Starting at the first line of the listing below, repeat each line exactly until the line containing "今年1月27日,在省政协九届", which you include. Leave out pictures.

Input data —

[Start of section]

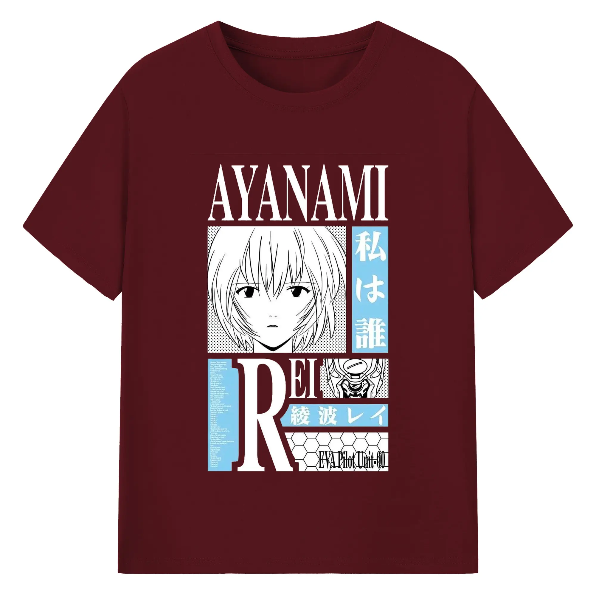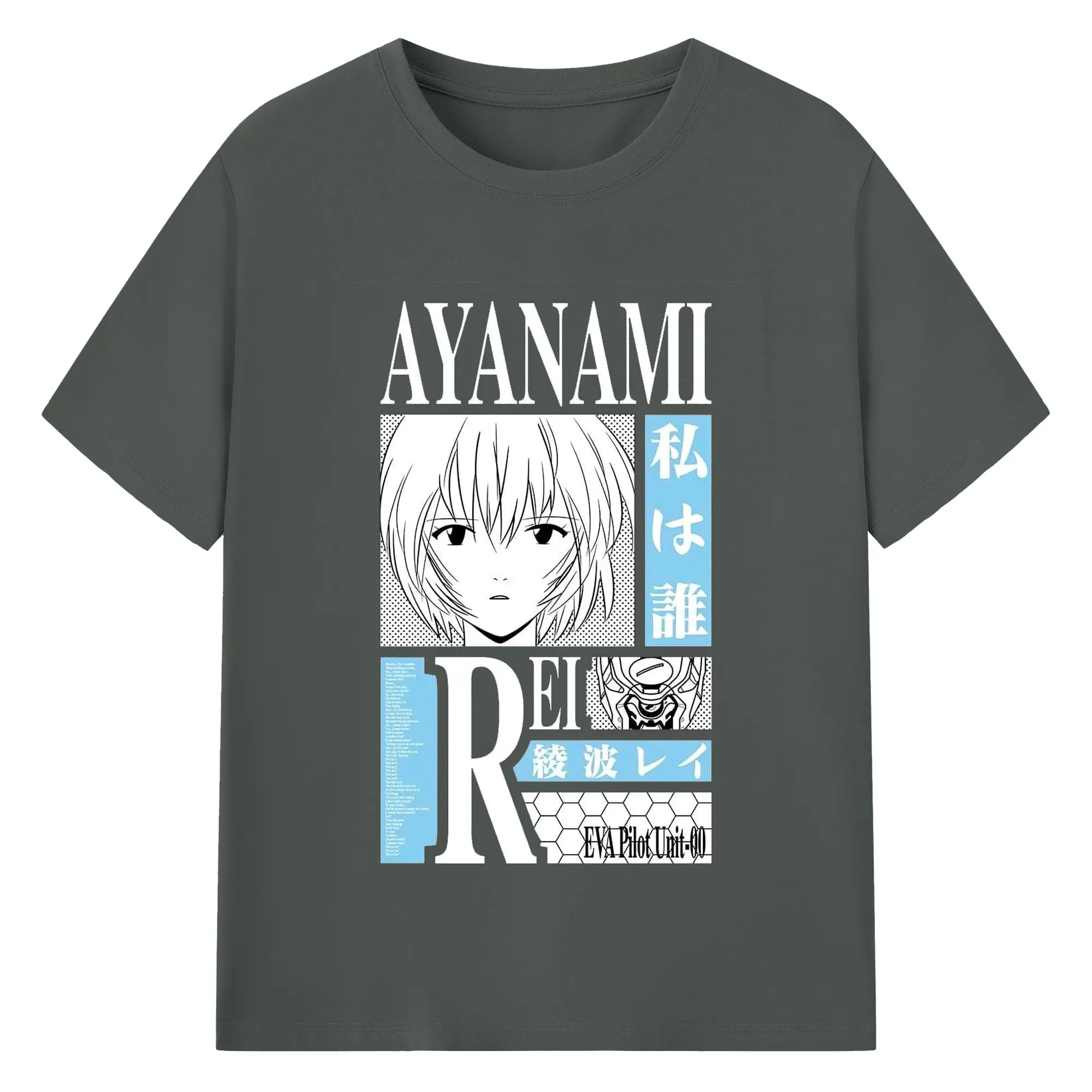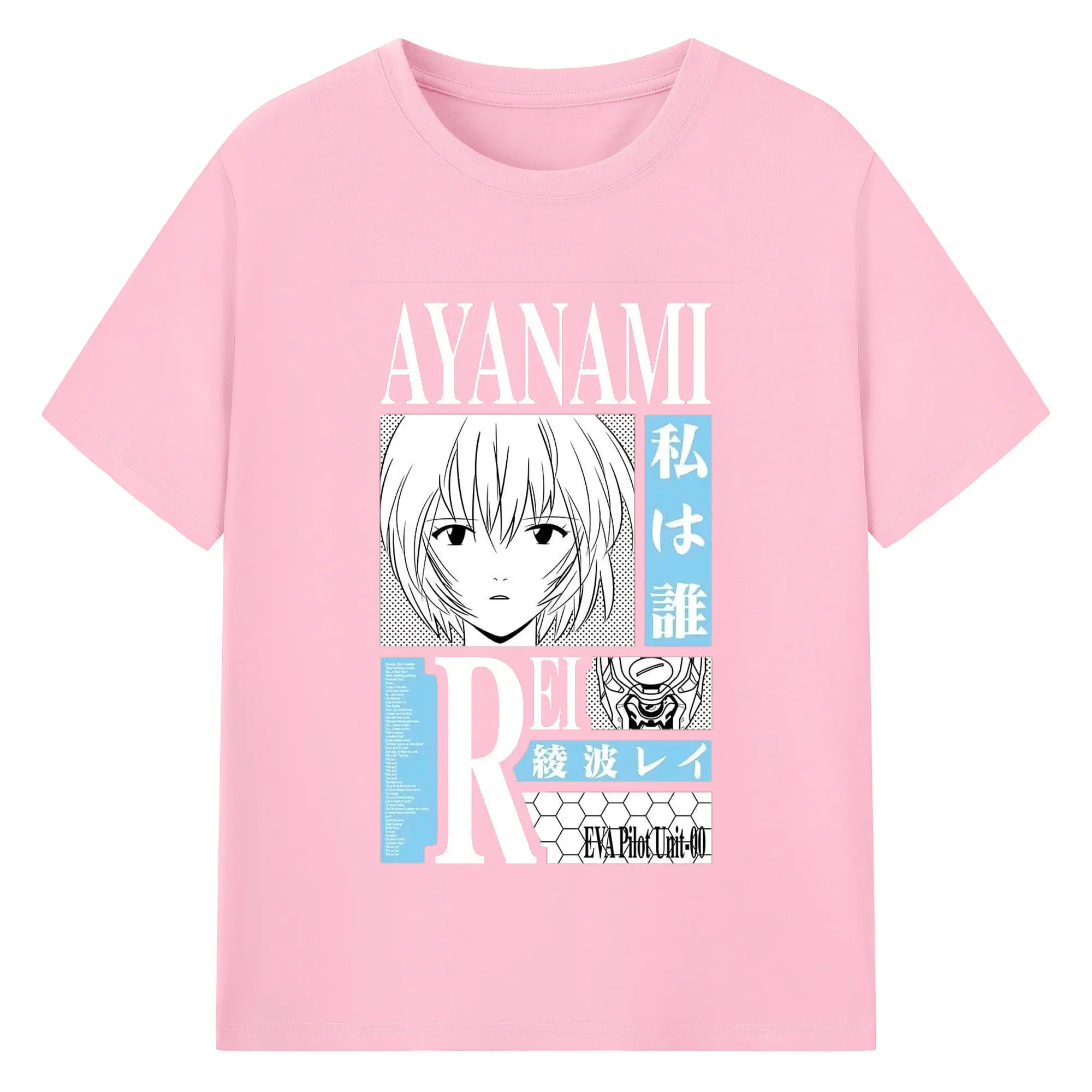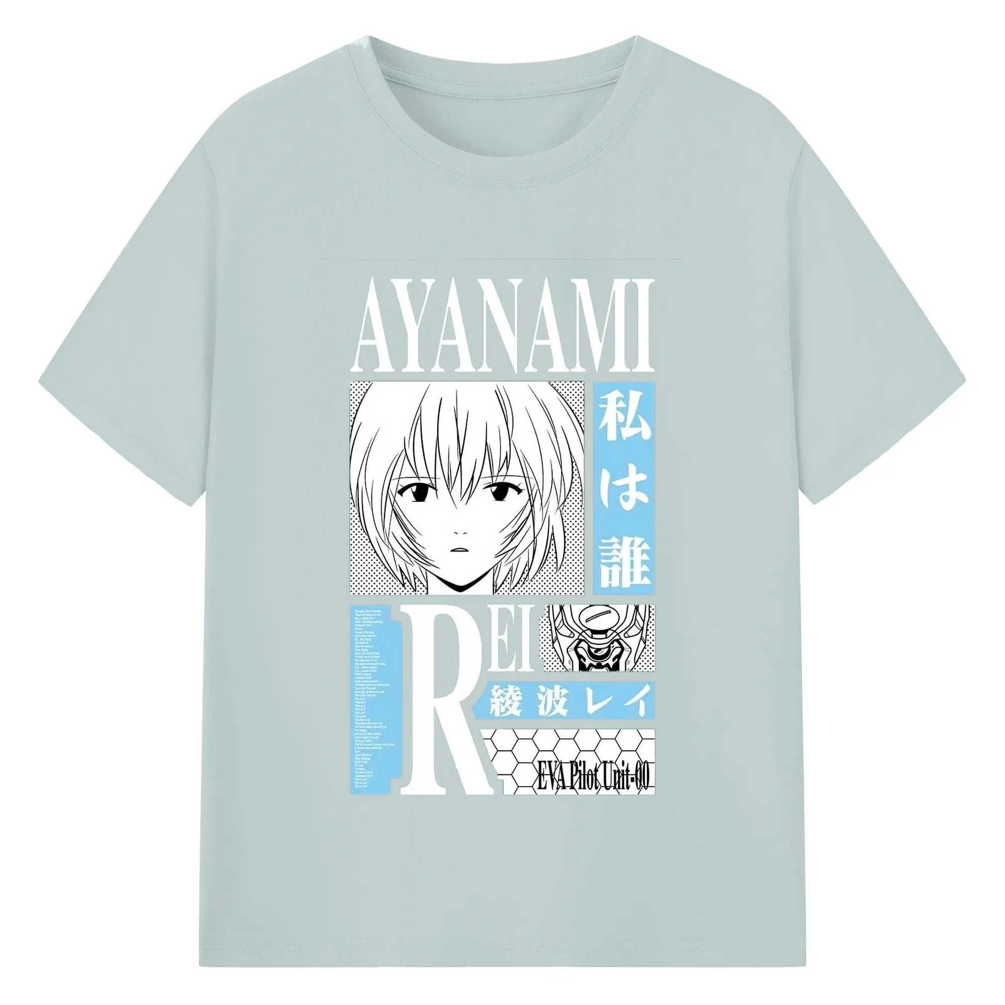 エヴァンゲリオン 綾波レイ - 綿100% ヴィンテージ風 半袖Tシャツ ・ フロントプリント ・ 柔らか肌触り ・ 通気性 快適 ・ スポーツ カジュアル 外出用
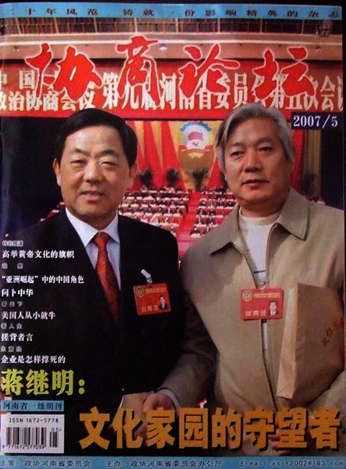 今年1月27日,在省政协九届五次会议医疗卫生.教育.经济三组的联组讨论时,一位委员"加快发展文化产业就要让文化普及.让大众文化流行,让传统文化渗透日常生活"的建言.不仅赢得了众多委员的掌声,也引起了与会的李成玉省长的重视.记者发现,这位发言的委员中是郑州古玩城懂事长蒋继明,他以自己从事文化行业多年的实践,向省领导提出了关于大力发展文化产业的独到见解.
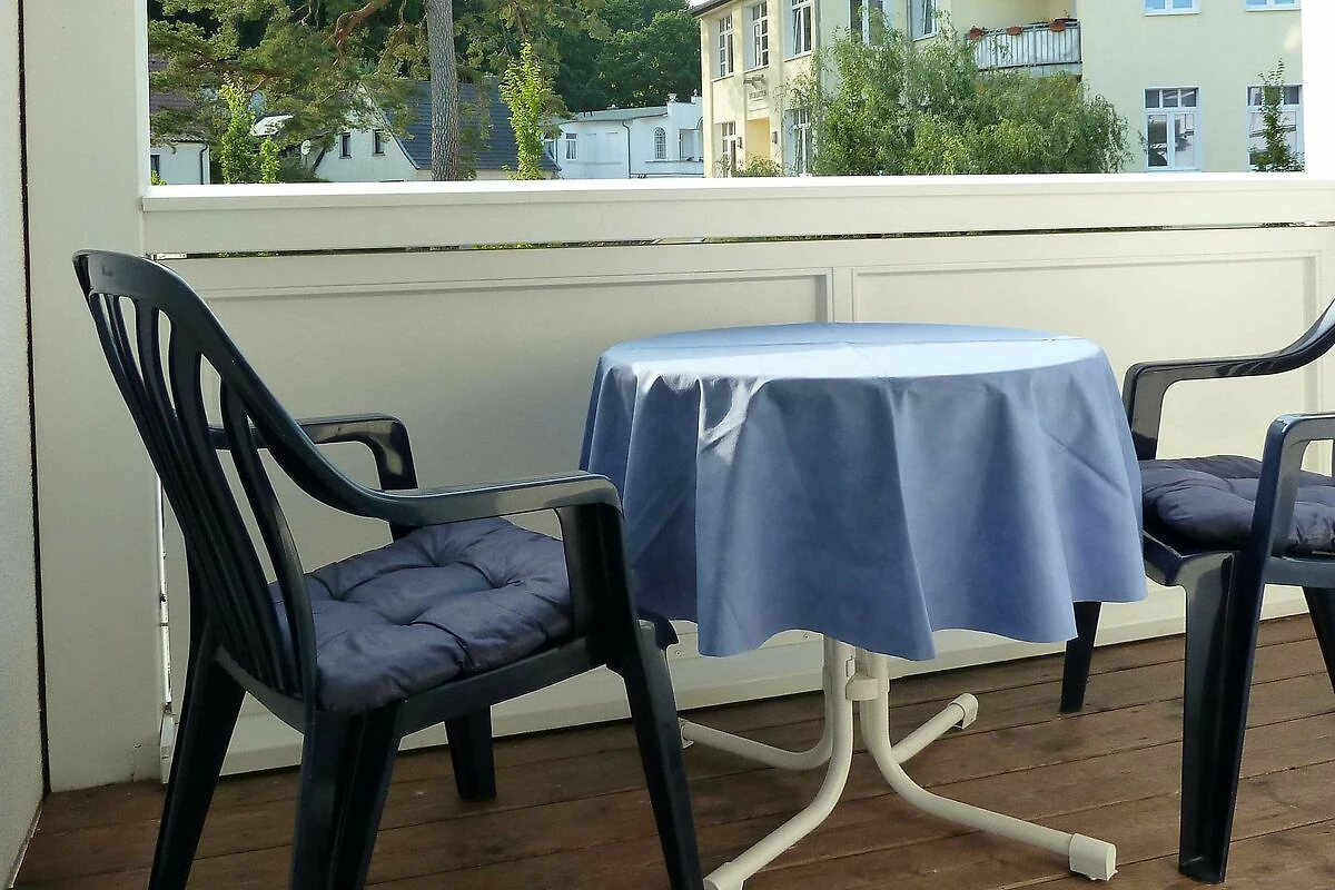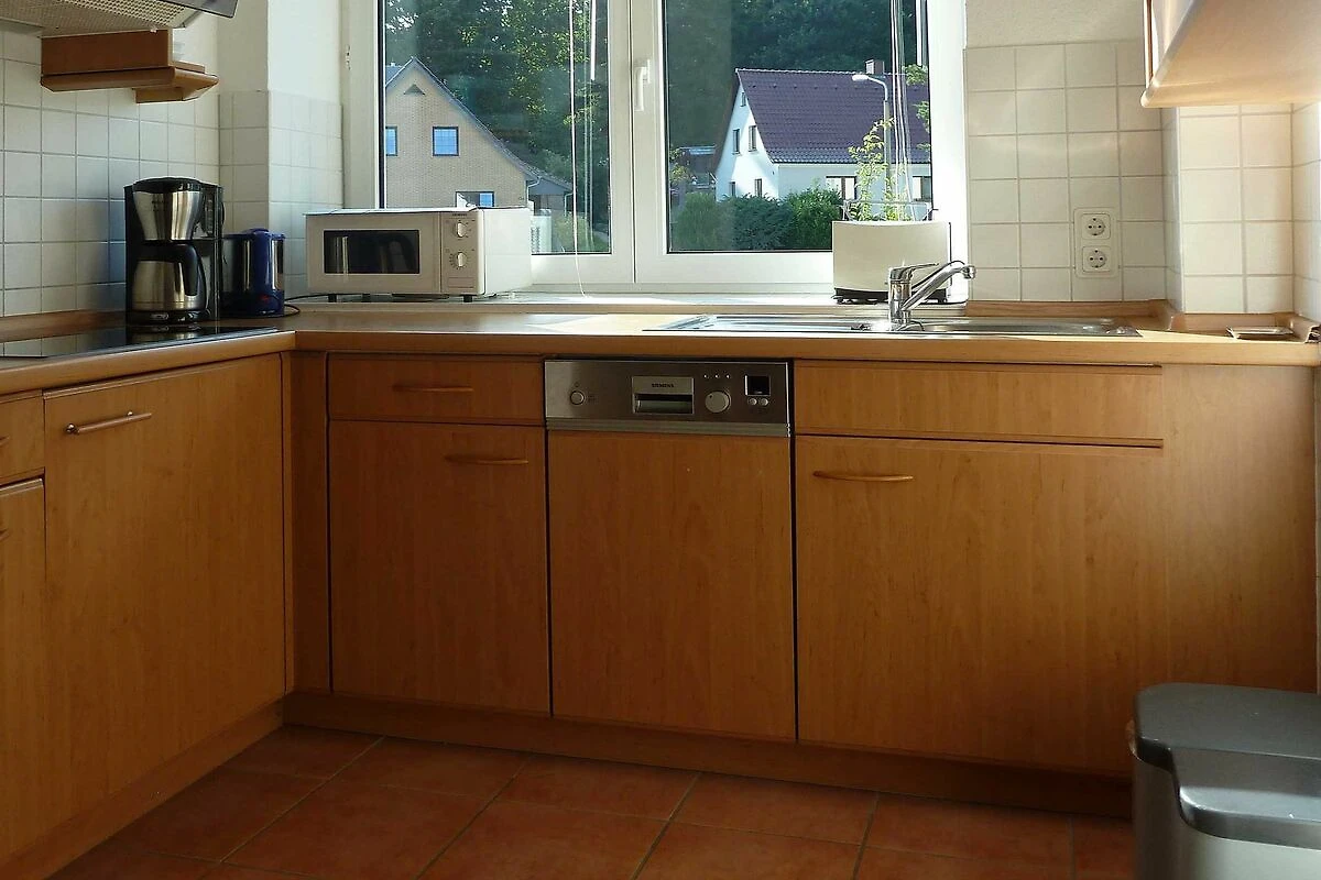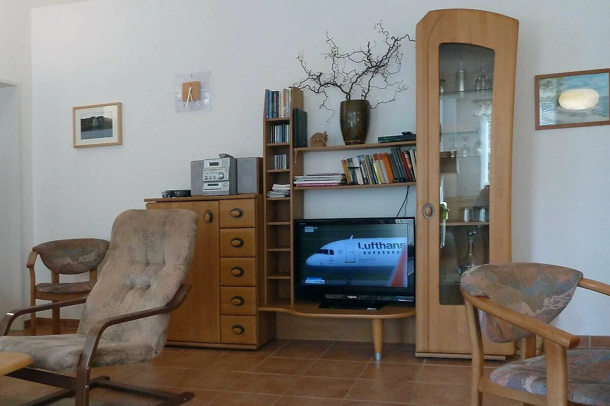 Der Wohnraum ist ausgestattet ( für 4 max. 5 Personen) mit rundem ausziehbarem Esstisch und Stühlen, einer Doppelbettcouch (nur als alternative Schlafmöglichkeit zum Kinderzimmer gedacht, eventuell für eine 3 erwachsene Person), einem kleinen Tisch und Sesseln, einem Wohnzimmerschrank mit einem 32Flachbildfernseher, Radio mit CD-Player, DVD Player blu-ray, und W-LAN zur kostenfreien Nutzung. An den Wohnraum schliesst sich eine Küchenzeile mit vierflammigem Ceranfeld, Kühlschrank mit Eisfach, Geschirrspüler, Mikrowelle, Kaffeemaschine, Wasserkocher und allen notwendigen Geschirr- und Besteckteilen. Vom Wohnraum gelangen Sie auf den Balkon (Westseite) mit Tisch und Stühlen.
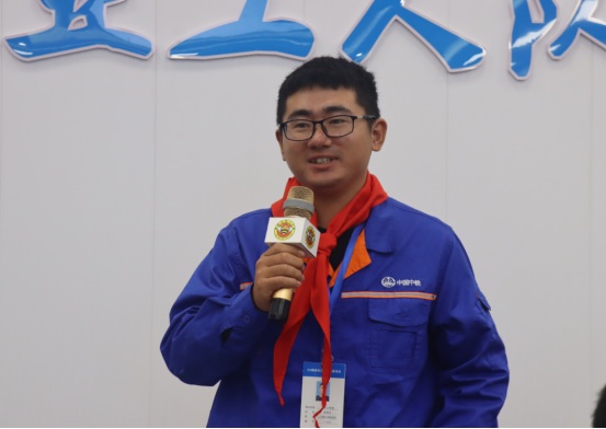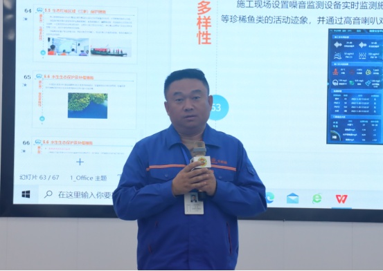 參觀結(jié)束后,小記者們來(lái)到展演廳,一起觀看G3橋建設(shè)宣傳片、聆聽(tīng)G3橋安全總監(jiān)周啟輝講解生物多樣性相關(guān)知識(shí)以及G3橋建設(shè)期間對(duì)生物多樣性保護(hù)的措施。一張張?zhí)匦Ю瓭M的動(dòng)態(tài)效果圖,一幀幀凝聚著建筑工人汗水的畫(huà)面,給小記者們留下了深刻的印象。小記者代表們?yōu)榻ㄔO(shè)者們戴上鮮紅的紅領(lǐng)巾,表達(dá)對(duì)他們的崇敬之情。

[End of section]

Reply —
 エヴァンゲリオン 綾波レイ - 綿100% ヴィンテージ風 半袖Tシャツ ・ フロントプリント ・ 柔らか肌触り ・ 通気性 快適 ・ スポーツ カジュアル 外出用
 今年1月27日,在省政协九届五次会议医疗卫生.教育.经济三组的联组讨论时,一位委员"加快发展文化产业就要让文化普及.让大众文化流行,让传统文化渗透日常生活"的建言.不仅赢得了众多委员的掌声,也引起了与会的李成玉省长的重视.记者发现,这位发言的委员中是郑州古玩城懂事长蒋继明,他以自己从事文化行业多年的实践,向省领导提出了关于大力发展文化产业的独到见解.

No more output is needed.